Encore au stade des tâtonnements, la recherche médicale a cependant fait quelques pas importants au cours des dernières années. Autrefois, on diagnostiquait la maladie d’Alzheimer chez les seules personnes atteintes de moins de 65 ans; les mêmes symptômes, lorsqu’ils apparaissaient chez les plus âgées, étaient mis sur le compte du vieillissement. « Alzheimer n’est pas un processus de vieillissement normal, insiste Sylvie Lauzon, professeure au Département des sciences infirmières de l’Université de Montréal et coauteure d’un livre sur la maladie d’Alzheimer (voir encadré). Il ne s’agit pas de pertes de mémoire ou de déclin intellectuel très graduels qui pourraient être ralentis par une meilleure gymnastique du cerveau et avec lequel on peut fonctionner moyennant un surplus d’effort et un peu plus de temps. » Bien sûr, note Sylvie Lauzon, les premiers signes de la maladie peuvent être confondus avec les dommages que cause l’âge. On remarque d’abord quelques troubles de mémoire. Mais bientôt, le processus s’accélère, entraînant une désorientation dans le temps et l’espace. Le vocabulaire se restreint, la personnalité se transforme et des comportements importuns surviennent : par exemple, colère hors contexte, agitation ou apathie incompréhensibles. Graduellement, la personne atteinte perd le « mode d’emploi » de son corps : boutonner une chemise deviendra difficile; plus tard, elle ne saura plus si, pour se moucher, il faut souffler ou aspirer; elle ne contrôlera plus ses sphincters, et mourra peut-être de pneumonie, faute de savoir comment éliminer correctement ses sécrétions…

Ma mère devenue mon bébé

Pour les personnes qui prennent soin de ces malades, la tâche s’alourdit irréversiblement. Souvent doublée d’une grande douleur dans le cas de proches, l’assistance à la personne atteinte d’Alzheimer pose un défi de taille : la communication verbale et la logique habituelle disparaissent. « Ce qui est souvent le plus difficile à accepter pour l’entourage, explique Carmen Métivier, c’est le changement de rôle que cela suppose. De fille, par exemple, on devient mère. On habille, on nourrit, on installe une barrière devant l’escalier… » On a souvent l’impression que la personne malade régresse retourne à l’état d’enfant, de bébé et finalement de nourrisson. Cependant, estime Sylvie Lauzon, cette analogie comporte un piège. « On ne doit jamais oublier que la personne a tout un vécu derrière elle, souligne-t-elle. Pour cette raison, lors du placement en institution, la famille devient une aide essentielle qui permet de mieux la comprendre, de faire des liens entre ses attitudes et son passé. » Parce que le patient ou la patiente a perdu ses facultés intellectuelles, le personnel ne peut apprendre de sa bouche la raison de ses pleurs, de ses cris, de sa tendance à errer à travers les corridors. Il revient donc aux proches de livrer quelques pistes d’interprétation.

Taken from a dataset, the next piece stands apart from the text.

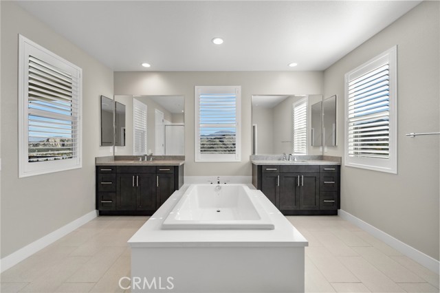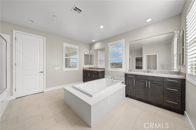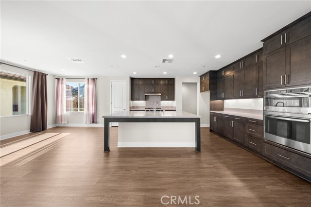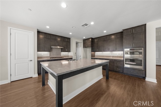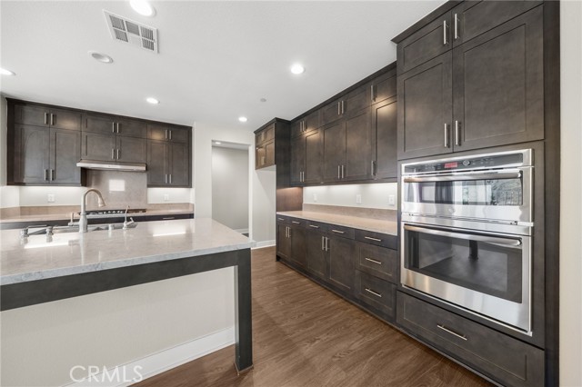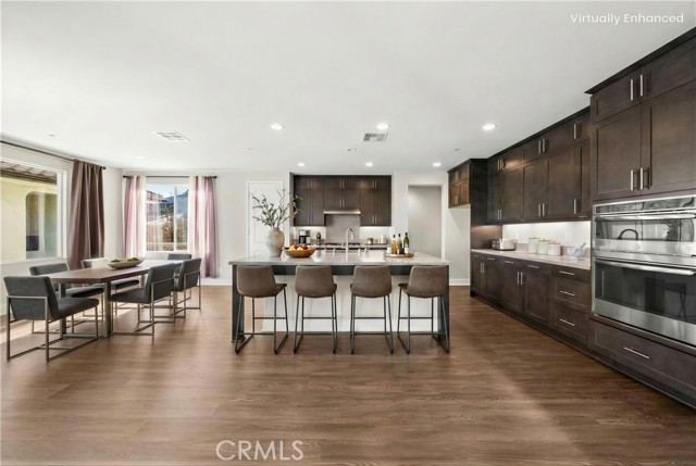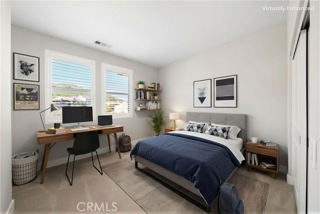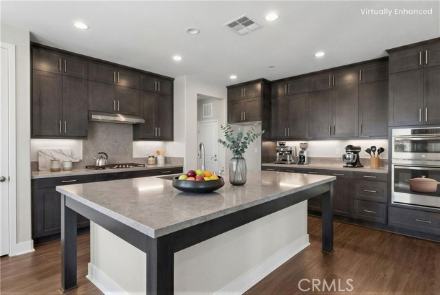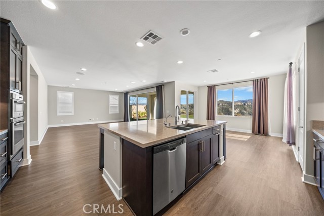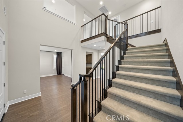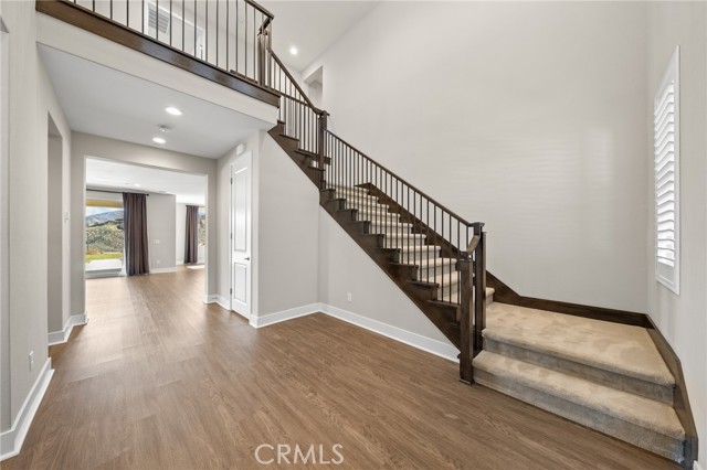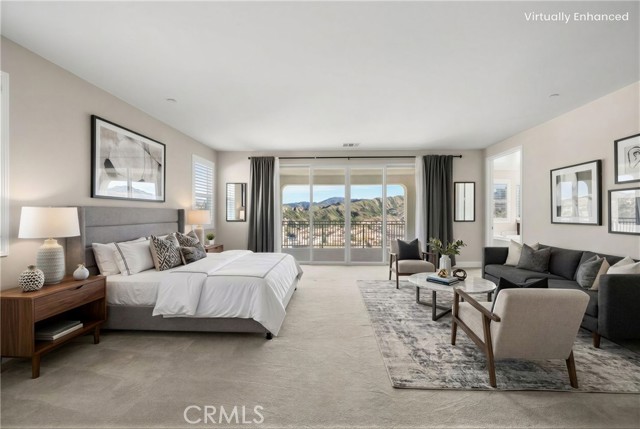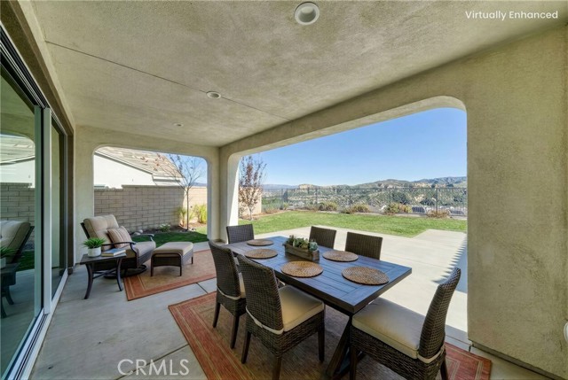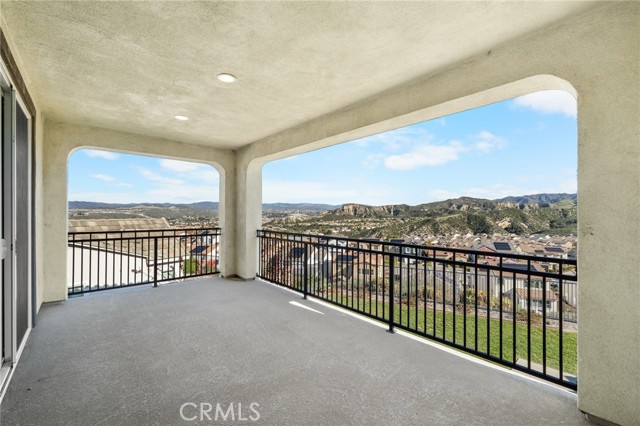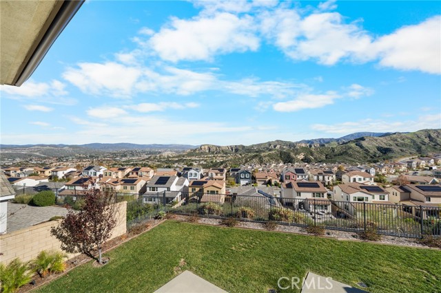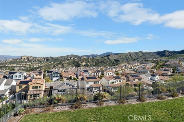 Breathtaking panoramic views and upgrades surpassing model home! Situated on a highly desirable premium lot. Welcome to 25110 Cherry Ridge Dr, a two-story single-family home nestled in the highly desirable Aliento gated community in Santa Clarita. Built in 2019, this modern residence offers the perfect blend of luxury, comfort, & contemporary design. One of this home’s standout features is ITS PEACEFUL CITY & MOUNTAIN VIEWS, providing a serene & picturesque backdrop from both inside the home & outdoor living spaces. Whether you're enjoying your morning coffee or winding down at sunset, the views elevate the overall living experience. Boasting 4 bedrooms & 3.5 baths (one bedroom with en suite bathroom is downstairs), huge loft & office, this 3,442 sq. ft. home sits on an expansive 9,662 sq ft lot. The floor plan is open and airy with high quality finishes throughout. Upstairs, a luxurious primary suite & covered balcony offers plenty of privacy and comfort. Enjoy stunning city and mountain views from the living room, dining room & bedrooms. Modern features are a tankless water heater, fully paid solar panels, and wifi-enabled thermostats, garage door opener, front door lock, and light switches (living & dining). Interior upgrades are full-height stacked kitchen cabinets w/ stained solid wood doors and soft-close cabinet hinges; 15-foot stacked sliding doors in living room; 12-foot French doors in primary bedroom; sliding door in dining room; engineered quartz countertops, plantation shutters by Norman with rod-less design; ceiling speakers in living room & speaker pre-wire in loft (rear surround only); stained solid wood handrail & iron balusters; vinyl plank flooring downstairs; Carpeting upstairs & in staircase; upgraded tile flooring in bathrooms & laundry; and recessed lighting in living room, kitchen, den, and loft. Exterior upgrades are: covered sunroom outside living room; covered balcony outside primary bedroom; covered pavilion in the backyard for year-round outdoor entertaining; landscaped yard, patio, and sprinkler/dripper system. Convenient access to shopping, dining, parks, and major commuter routes. Community pool, recreation center, and gym. Close to top rated local schools, Costco, Target, Stater Brothers, Lowe’s, Trader Joe’s, Toppers, Edwards Cinema & excellent restaurant and entertainment options. Close to 14 freeway. This property is an incredible opportunity to own a beautifully maintained, move-in ready home.

Malgré la perte progressive de sa capacité de compréhension et d’expression, signalent Sylvie Lauzon et ses coauteures, la patiente ou le patient est désireux de communiquer, mais incapable de le faire par les moyens habituels. Le contact doit donc s’établir de manière différente. Dans un livre qu’elle a publié en 1988 (voir encadré), une bénévole travaillant en milieu hospitalier, Françoise Pelletier, apporte à ce sujet un témoignage candide. Venant de perdre sa mère, décédée subitement, elle s’attache à une vieille dame atteinte d’Alzheimer et l’amitié se transmet par une foison de signes non verbaux qui jouent sur le mode émotionnel : regards, pressions de la main, sourires, etc.